After practice, Carlos Sainz expressed his concerns over Ferrari’s management of the rear tyres.

“It is graining a lot,” Sainz said. “Red Bull did particularly a strong long run, which showed us that they probably have something more to come tomorrow, while we were decent on the short run, but then on the long run, I think we still need to analyse how we can get those rear tyres to work a bit better in the window.”

Pirelli expects it to be a one-stop - soft to hard strategy - but given Red Bull’s superior tyre advantage and Hamilton renowned for his impressive tyre saving techniques, Leclerc will be needing a sizeable improvement in this area to hold onto the win. 

Tyre preservation aside, Red Bull and Mercedes often have a bigger advantage over their midfield competitors on pure race pace.

Verstappen will be keen to extend his championship lead and you can never rule out Hamilton on race day.

The seven-time champion was consistently fast in the final sector in qualifying, indicating he’s set up perfectly to overtake in the race.

Don’t rule out Perez

Sergio Perez looked to be finally at home in the Red Bull RB16B in Baku as he ran at the top of the timesheets throughout the weekend.

After Verstappen’s shunt in FP3, pole position looked to be his for the taking, but once again, Perez couldn’t deliver when it mattered.

Due to the red flag stoppage in Q3, Perez was unable to improve on his seventh-fastest time, although he will start from sixth thanks to Lando Norris’ three-place grid penalty.

Perez had the best race pace of anyone during Friday practice and historically, he’s always fared better on a Sunday. 

Overtaking is very possible in Baku and given that Perez tends to be a master at looking after his rear tyres, I’d be surprised if he wasn’t a serious contender for the podium. 

Will Baku deliver another chaotic grand prix?

Qualifying gave us a taste of what could happen in the race with five crashes causing four separate red flag stoppages. 

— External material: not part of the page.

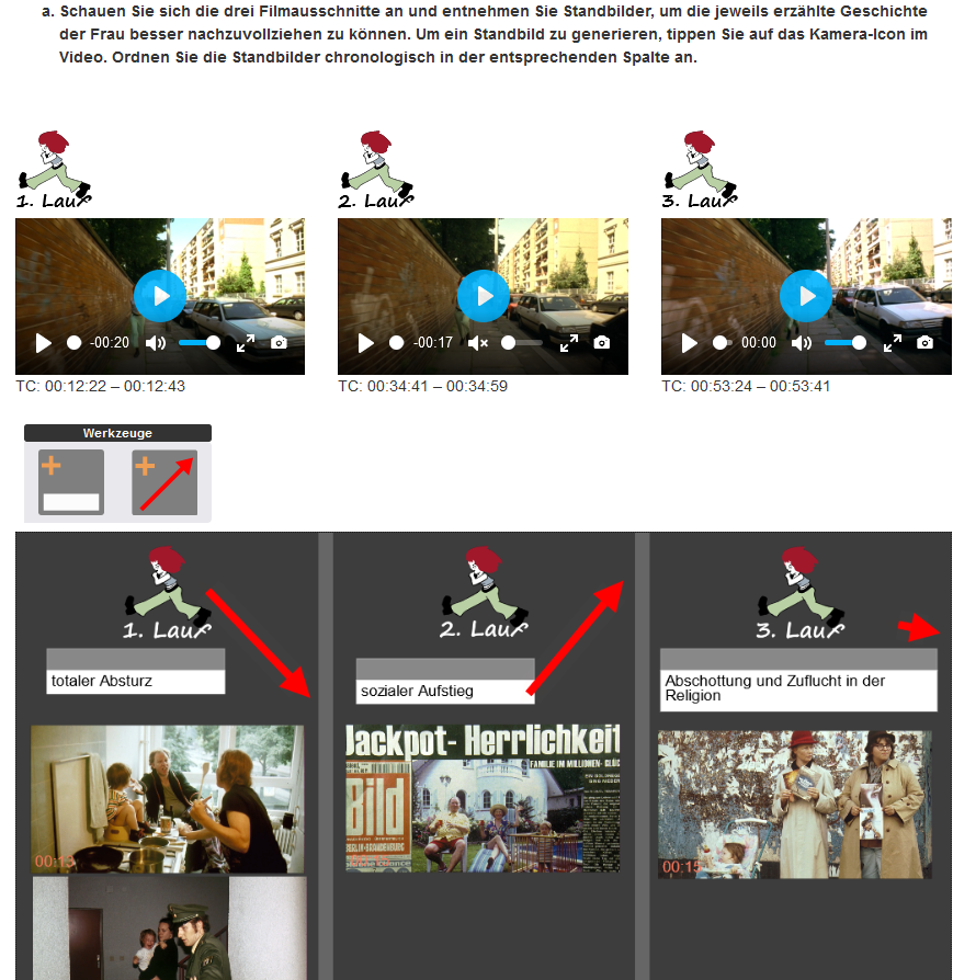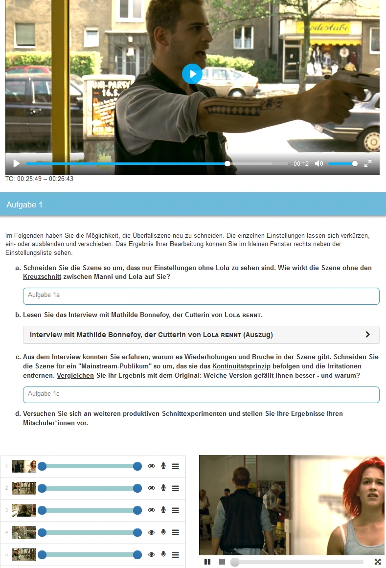 Die Aufgaben sind angelehnt an das Modell des pre- / while- / post-viewing aufgebaut. Durch die Kennzeichnung mit diesen Begriffen wird sofort klar, für welche Aspekte nicht die Kenntnis des gesamten Films erforderlich ist. Die Bearbeitungstools ermöglichen es, Filmausschnitte Frame für Frame zu durchforsten, Standbilder oder Filmsequenzen auszuwählen und diese zu grafisch, in Textform oder mit Markern zu annotieren.
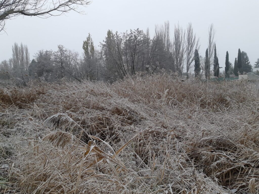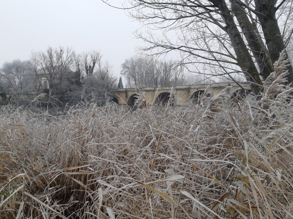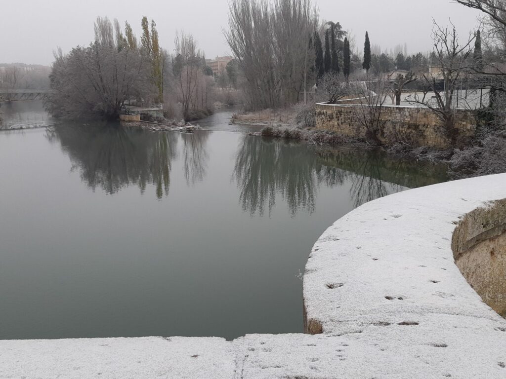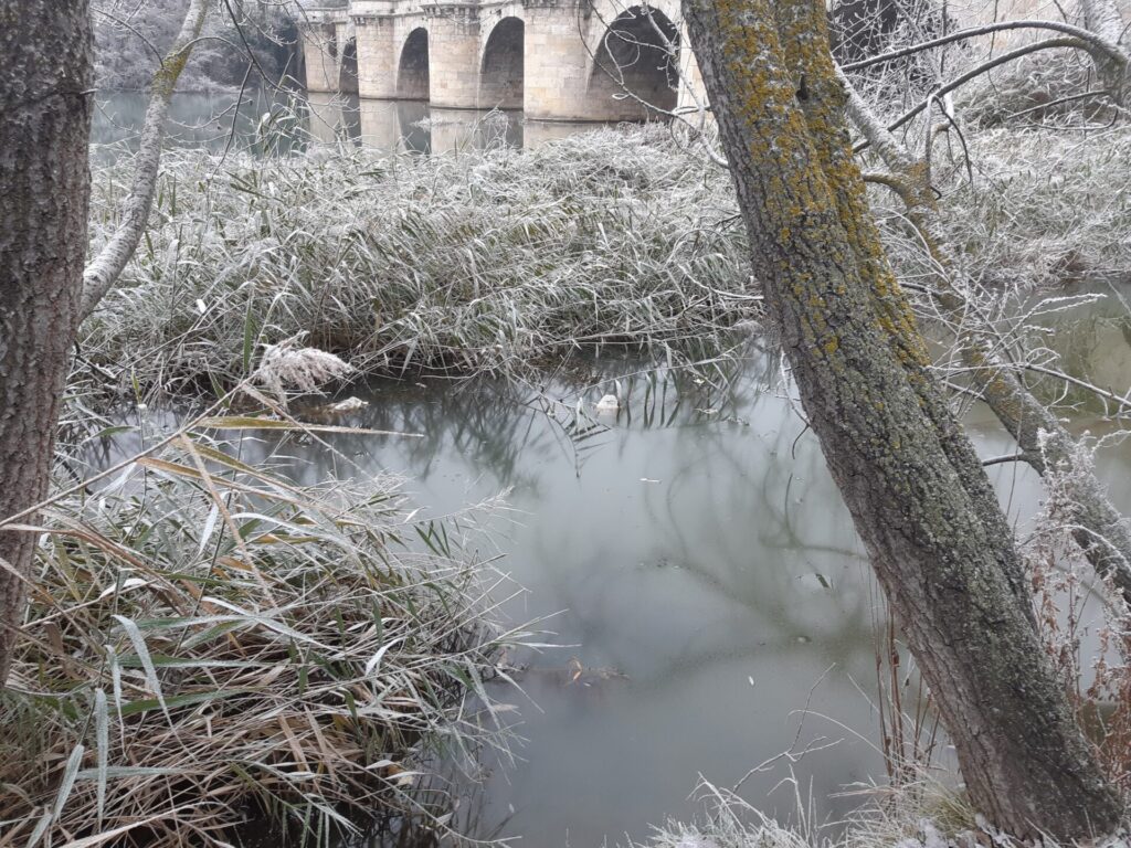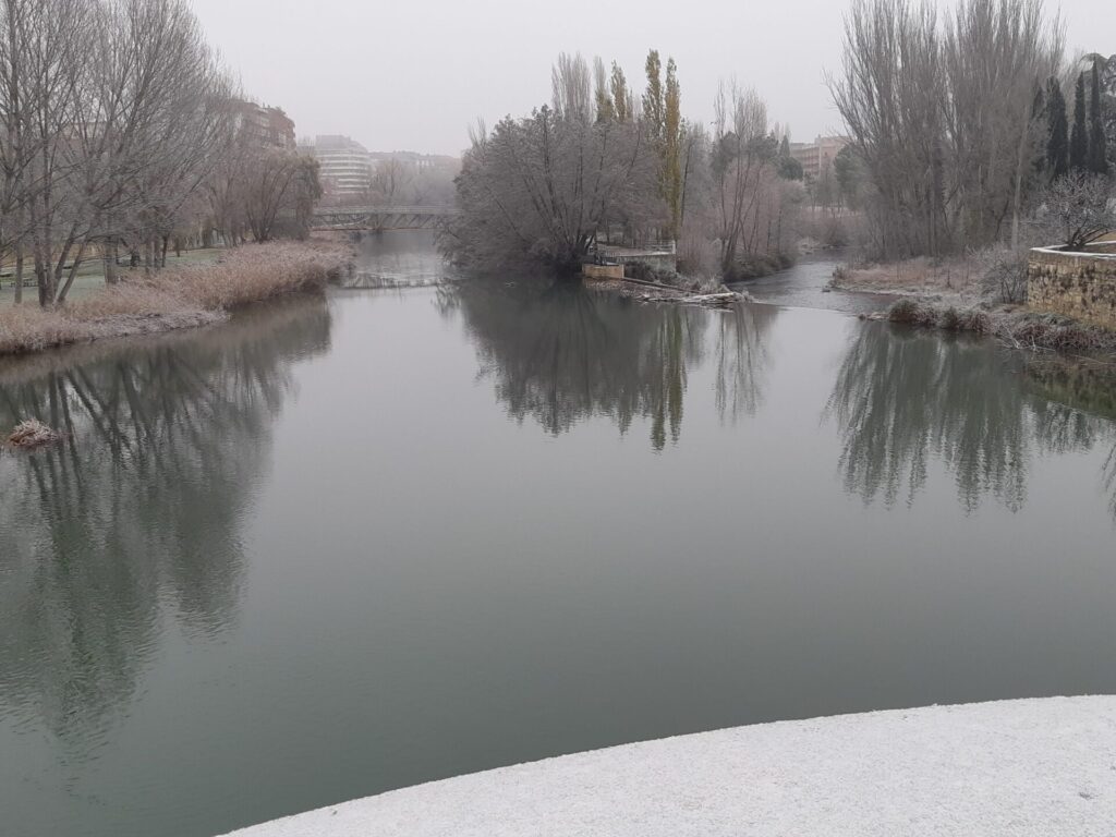 Árboles espolvoreados con polvo blanco, nieblecilla alrededor, pequeños depósitos de hielo en polvo… todo un espectáculo para la vista observar Palencia en tonos blanquecinos.

There are a number of other factors which could lead to a chaotic grand prix.

The wind

Baku is known as the 'city of winds' for its gusty conditions and forecasts suggest northerly winds of over 40-50km/h are expected to hit the race.

The wind has two knock-on effects. As we saw in Bahrain and Portimao, strong winds will play havoc with the handling and balance of the cars, leading to even more mistakes and potential carnage. 

Depending on the wind direction, if there's a headwind down the start-finish straight, the slipstream/DRS effect will be even more powerful and lead to greater overtaking opportunities. 

Safety Car restarts

The positioning of the start-finish line in Baku on such a long straight means Safety Car restarts may result in further chaos.

The leader of the pack will have to leave it as late as possible before ‘bolting’ leading to a potential concertina effect further down the field as we saw in Mugello last year.

While it may not be as dramatic as then, it’s another chance for drivers to make overtakes and with tyres naturally cooler under Safety Car conditions, it could lead to further drama.